You can read more about Russell's life on Spacing here. Explore more Toronto Dreams Project postcards here.

Wednesday, July 22, 2015

Toronto's Small Piece of a Wonder of the Ancient World

You'll find him on the third floor of the Royal Ontario Museum. He's tucked away in a quiet, easy-to-miss corner far at the back of a room filled with artifacts from Asia and the Middle East. He's a big, snarling, golden lion on a field of blue brick. And once upon a time, he was part of one of the Seven Wonders of the Ancient World. Two and a half thousand years ago, the ROM's lion sat at the heart of the city of Babylon.

Back then, Babylon was the greatest city in the world. It was home to 200,000 people — more than any other city on earth. It stood on the fertile banks of the Euphrates River, in a spot that's now part of Iraq (not far from Baghdad), but was then in the middle of a mighty empire that stretched all the way across the Middle East. The Babylonians ruled everything from the shores of the Mediterranean in the west to the Persian Gulf in the east. And their ruler was one of the most famous rulers in history: King Nebuchadnezzar II.

Nebuchadnezzar is best remembered for being in the Bible and for being a great warrior. He waged war against the pharaohs of Egypt. Captured and destroyed Jerusalem. Brought Tyre and the Phoenicians to their knees. Under his rule, Babylon flourished. And to celebrate his empire's wealth, he embarked on ambitious new construction projects, lavishing the city with some of the most famous landmarks in history. It was Nebuchadnezzar who finished building the giant tower in his city — thought to be the source of the story of the Tower of Babel. And it was Nebuchadnezzar who is said to have built the Hanging Gardens of Babylon. It's not entirely clear if they ever really existed, but that didn't stop them from being listed as one of the Seven Wonders of the Ancient World.
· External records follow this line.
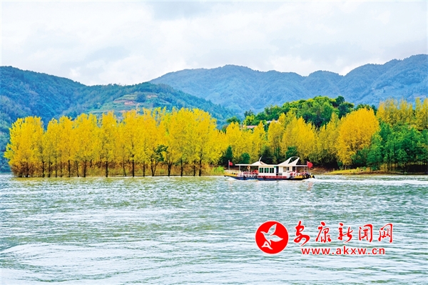 10月3日,秋日的瀛湖如詩如畫,吸引眾多游客前來打卡。周濬 攝?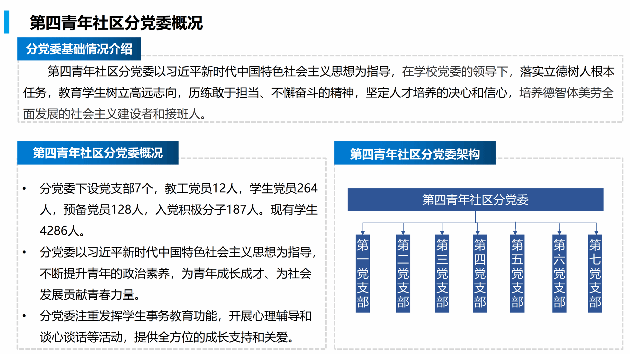 第四青年社区分党委以习近平新时代中国特色社会主义思想为指导,在学校党委的领导下,落实立德树人根本任务,教育学生树立高远志向,历练敢于担当、不懈奋斗的精神,坚定人才培养的决心和信心,培养德智体美劳全面发展的社会主义建设者和接班人。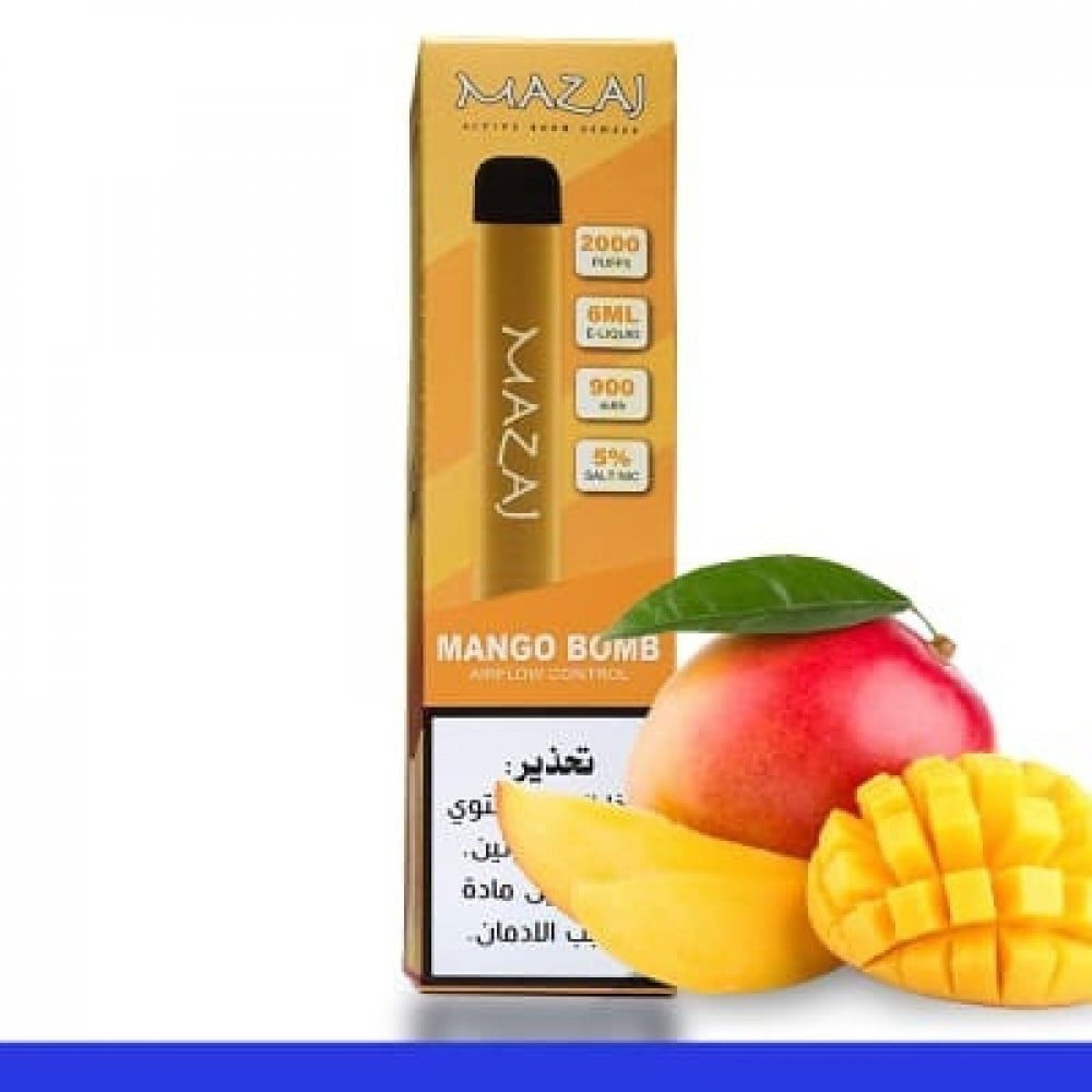 جهاز جاهز للستخدام مره واحدة بنكهة مانجو من شركة مزاج 2000 سحبةنسبة النيكوتين/ 50 MGعددالموشات / 2000 puffs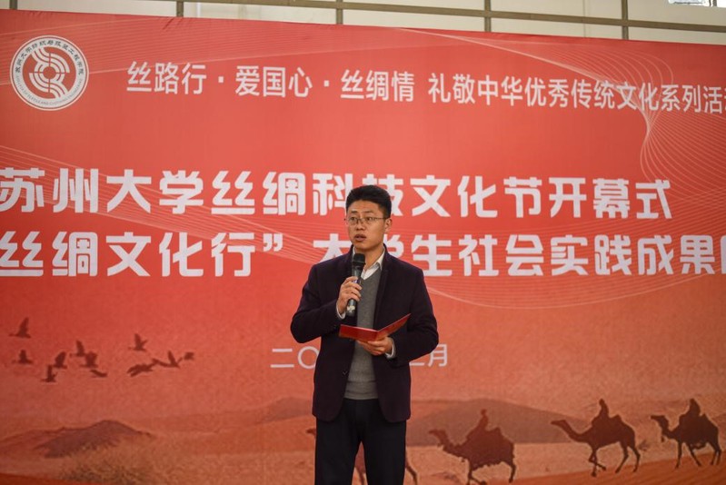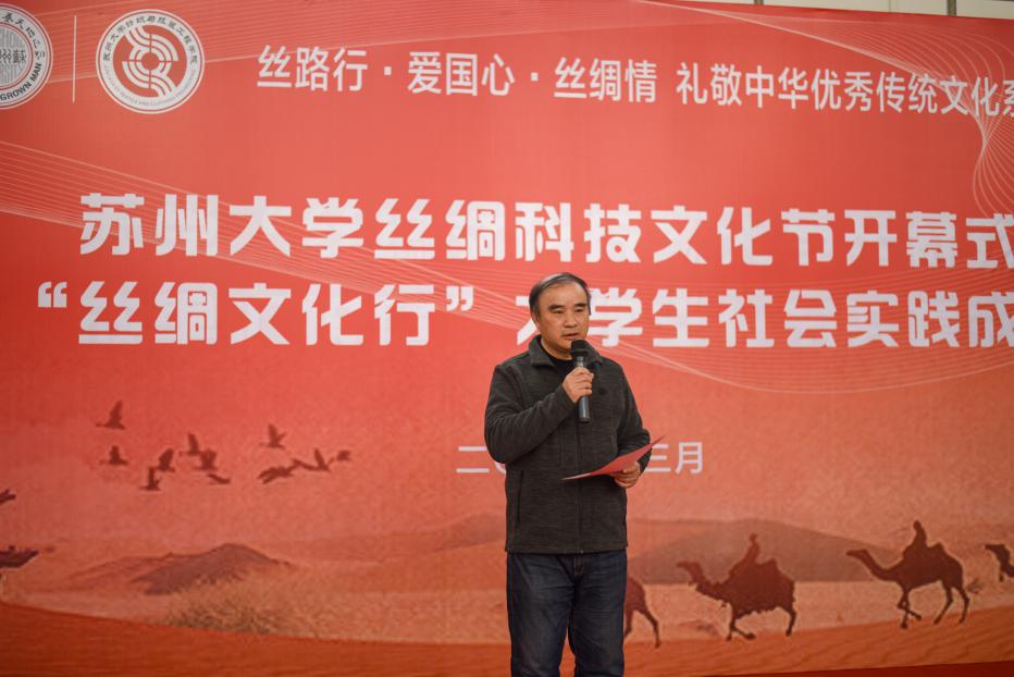 作为苏州大学礼敬中华优秀传统文化系列活动的重要环节之一,丝绸科技文化节是纺织与服装工程学院依托自身深厚的丝绸历史文化优势,集文化传承、科技创新于一体的丝绸科技文化盛会。学院团委书记刘海首先介绍了本次丝绸科技文化节的各项精彩活动,并汇报了作为苏州大学礼敬中华优秀传统文化系列活动的重要起点,今年寒假开展的“丝绸文化行”大学生社会实践活动取得的丰硕成果。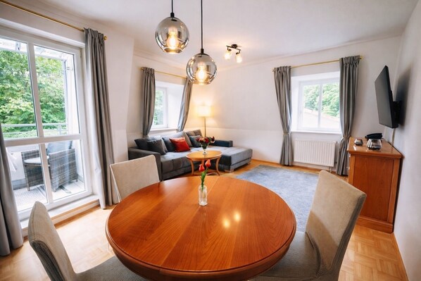 In absoluter Ruhe, aber dennoch nur wenige Schritte von der Fußgängerzone entfernt, genießen Sie in einem architektonisch anspruchsvollen Haus von Ihrem Balkon oder der Sonnenterrasse den Blick auf ein faszinierendes Bergpanorama. Die Apartments sind im klassisch-eleganten Stil eingerichtet und haben eine Größe zwischen 45 und 98 qm. Sie bieten bis zu vier Personen Platz und verfügen alle über getrennte Wohn- und Schlafräume, Bad und Balkon. Unser Haus ist mit Panoramaaufzug, Innenlift, Waschküche, Fahrradraum, sowie einer Tiefgarage ausgestattet. Außerdem verfügen wir über eine Lounge mit Getränkekühlschrank (Selbstbedienung). Hunde sind willkommen. Das großzügige Appartement verfügt über zwei Schlafzimmer mit Doppelbett bwz. zwei Einzelbetten (Boxspringmatratzen), ein Wohnzimmer mit Essecke, eine große Küche sowie ein Bad mit Dusche und Badewanne. Von Ihrem Balkon (Ostseite) aus können Sie den Blick in die Natur genießen, wo sie mit etwas Glück manchmal Rehe oder Hasen beobachten können.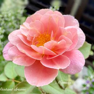 雨粒いっぱいのディスタントドラムス🌹 よく降りますね☔ まだまだ長雨になりそう😢 一度に降らずに小分けにしてほしい。被害がでませんように。

And the gardens weren't the only Babylonian wonder on that list. The walls of the city were just as impressive. During his reign, Nebuchadnezzar made them even more so. In about 575 BC, he built a new entrance to the inner city — it was the most spectacular of them all.

The Ishtar Gate was a great double-gate the size of a fortress, towering nine storeys into the air above the citizens who passed through it into the inner city. It was built of bright blue brick; the technology required to make a glaze of that colour is so advanced that even today we're not entirely sure how they managed to pull it off. It was dedicated to Ishtar — the goddess of love, sex, fertility and war — and became the focal point for a yearly religious festival, as enormous statues of the gods were carried by huge crowds down the wide street toward the gate.

A small part of the Ishtar Gate
In fact, the street itself had been included in the construction of the gate. There were bright blue brick walls extending along either side of the processional way, decorated with golden flowers, dragons and bulls. Plus: lions. Lots of ferocious lions. The big cats were the symbol of Ishtar.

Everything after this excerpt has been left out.